Any analysis that is based on looking at one side or the other, either a management-focused analysis or a technical system-focused analysis, will fail. Only analyses that take both and look at the interaction will be successful.
The changing pattern of incidents is pointing to the places where recalibration is likely to be valuable. That's the value of incidents. Incidents are bits of wisdom, and you ignore them at your peril.
Change and complexity are the same entity. Complexity is impossible without change. Change flows from complexity. They are not distinct things. This is a dynamic world. Any kind of static analysis you do is wrong. Anything you do that is not dynamic is wrong.
So here's the challenge to you. You'll all know Conant and Ashby's paper, "Every Good Regulator of a System Must Be a Model of That System." This is the basic idea of the law of requisite variety that's a fundamental part of control system theory.
The fundamental idea is that in order to have a working system, you have to have a controller that has the same complexity. I'm going to make this hypothesis, which says that all the distributed system behaviors that you find below the line, you will also find above the line.

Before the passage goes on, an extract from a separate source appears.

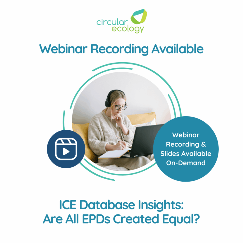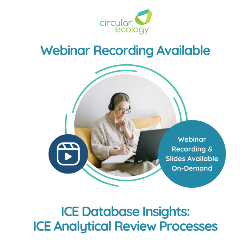 On Thursday, 22nd May, Circular Ecology hosted the third instalment in the ICE Database Insights webinar mini series: Are All EPDs Created Equal? The session, hosted by Dr Craig Jones (Managing Director) and Joe Rouse (Senior Sustainability Consultant), explored some of the main differences found in EPDs, and the implications for the ICE Database and […]

All the distributed system qualities that you know about that exist below the line, you will find above the line.
Okay. That's it.
You have an offer to make. Yes. Here we go. I have an offer to make.
Let me do this. These are the points. Come and see me tomorrow. We'll talk--I'm sorry. We'll talk...
I've got to walk through this thing again. Sorry. I did it almost perfectly. I was supposed to stop there at the end for the offer. I apologize.
Here we go. Here's the offer. Tomorrow, Tuesday, 3:15.
The previous speaker was talking about his long history in the industry, and I wanted to show you that myself. That picture that you'll see at the end is me back in 1974 with my first true love, the IBM 360 Model 44, which still has a lot to say for it.
What we have seen in the past is prologue to the future, and it's very important for us now to start thinking about ways in which we will handle the complexity that is coming to us in the future.
You are the resource that's going to do that, and anything that we can do that will help you, like talk about this some more tomorrow, is welcome.
Thank you very much for your time. Thank you, Dr. Griesemer. Thank you.